### Task description:
In the entries below, begin at the line with "中国国际新闻台(www.ci" and stop after the line with "- Medium: Lacquer, aogai"; output those lines exactly and omit the pictures.

### Exercise inputs:

______

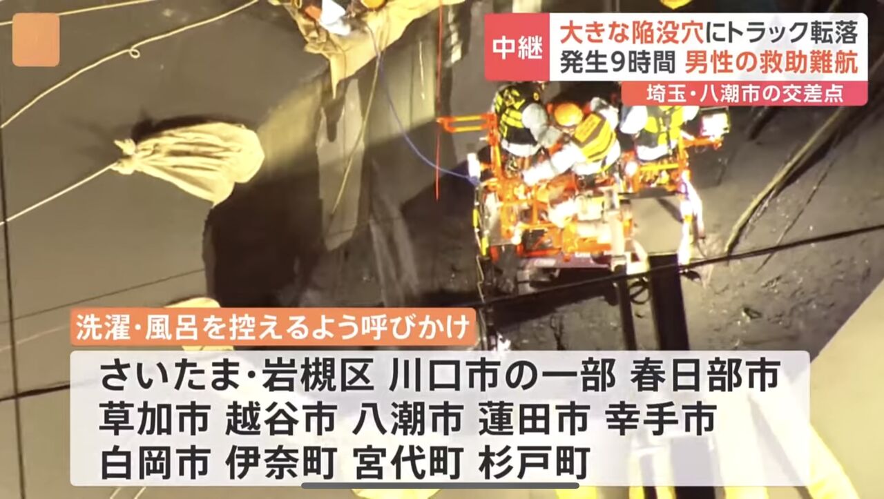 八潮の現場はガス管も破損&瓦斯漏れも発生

______

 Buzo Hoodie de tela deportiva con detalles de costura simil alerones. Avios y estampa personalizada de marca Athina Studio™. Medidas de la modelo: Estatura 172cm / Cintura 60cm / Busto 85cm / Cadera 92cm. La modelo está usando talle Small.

______

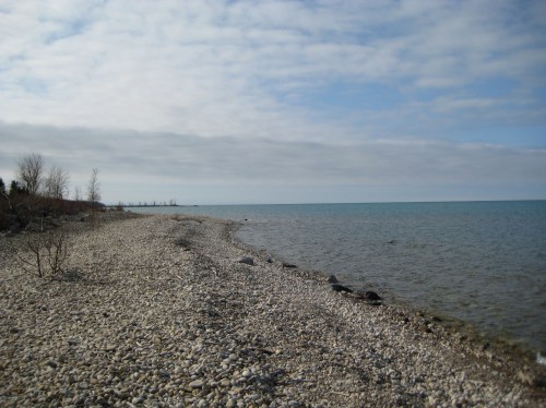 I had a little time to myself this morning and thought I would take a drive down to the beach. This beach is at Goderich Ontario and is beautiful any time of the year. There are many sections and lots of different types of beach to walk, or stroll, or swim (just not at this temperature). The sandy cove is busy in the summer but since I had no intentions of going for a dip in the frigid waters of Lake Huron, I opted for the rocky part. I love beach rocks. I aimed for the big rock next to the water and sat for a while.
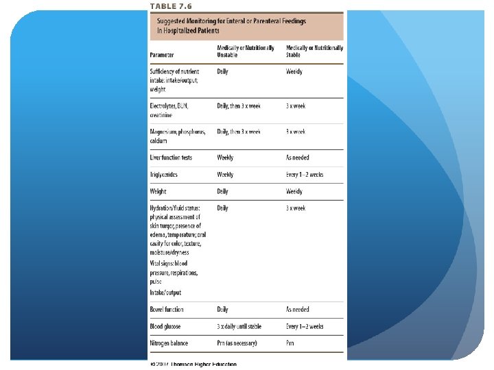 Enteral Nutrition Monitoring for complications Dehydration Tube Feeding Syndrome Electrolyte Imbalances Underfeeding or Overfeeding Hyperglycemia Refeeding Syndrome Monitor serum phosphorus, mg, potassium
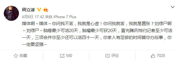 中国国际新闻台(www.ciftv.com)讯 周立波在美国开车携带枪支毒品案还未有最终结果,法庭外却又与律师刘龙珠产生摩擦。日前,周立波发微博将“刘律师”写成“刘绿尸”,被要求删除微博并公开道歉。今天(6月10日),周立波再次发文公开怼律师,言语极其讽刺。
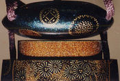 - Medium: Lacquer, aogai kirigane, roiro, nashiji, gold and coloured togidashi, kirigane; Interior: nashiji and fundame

______

### Answer section:
 中国国际新闻台(www.ciftv.com)讯 周立波在美国开车携带枪支毒品案还未有最终结果,法庭外却又与律师刘龙珠产生摩擦。日前,周立波发微博将“刘律师”写成“刘绿尸”,被要求删除微博并公开道歉。今天(6月10日),周立波再次发文公开怼律师,言语极其讽刺。
 - Medium: Lacquer, aogai kirigane, roiro, nashiji, gold and coloured togidashi, kirigane; Interior: nashiji and fundame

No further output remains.